TO DO:
Print the data once more, exactly as given. Drop the pictures.
━━━ GIVEN MATERIAL ━━━
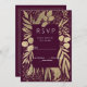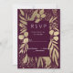 Este espléndido diseño de invitación a la boda incluye encantadoras invitaciones románticas borgoñas y follaje dorado floral Wedding RSVP, perfectas para cualquier ceremonia elegante y sofisticada. Esta florida florida dorada es ideal para una pareja moderna y elegante. Personalizar este diseño con su mensaje e información personalizada. Todos los diseños están impresos.
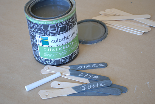The season of entertaining is upon us! We are taking the bounty of our gardens and local farms and crafting beautiful meals for family and friends. Add a special touch to your table with personalized place cards using Colorhouse Chalkboard paint. In this MAKE THIS post, we’ll show you how!
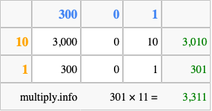 Below is an illustration showing you how to calculate 301 times 11 using the box method, using the instructions above.
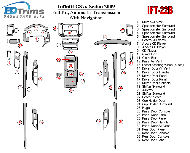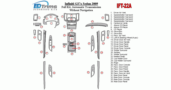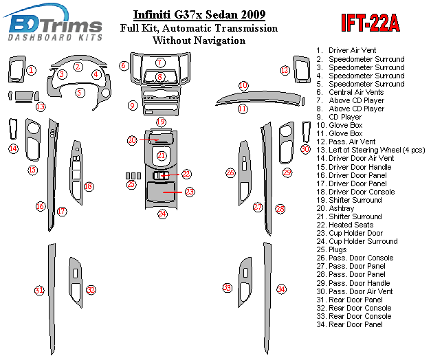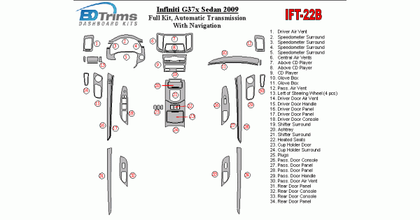 Infiniti G37x Sedan 2009 - 2009 Dash Trim Kit
━━━
TASK SOLUTION:
 Este espléndido diseño de invitación a la boda incluye encantadoras invitaciones románticas borgoñas y follaje dorado floral Wedding RSVP, perfectas para cualquier ceremonia elegante y sofisticada. Esta florida florida dorada es ideal para una pareja moderna y elegante. Personalizar este diseño con su mensaje e información personalizada. Todos los diseños están impresos.
The season of entertaining is upon us! We are taking the bounty of our gardens and local farms and crafting beautiful meals for family and friends. Add a special touch to your table with personalized place cards using Colorhouse Chalkboard paint. In this MAKE THIS post, we’ll show you how!
 Below is an illustration showing you how to calculate 301 times 11 using the box method, using the instructions above.
 Infiniti G37x Sedan 2009 - 2009 Dash Trim Kit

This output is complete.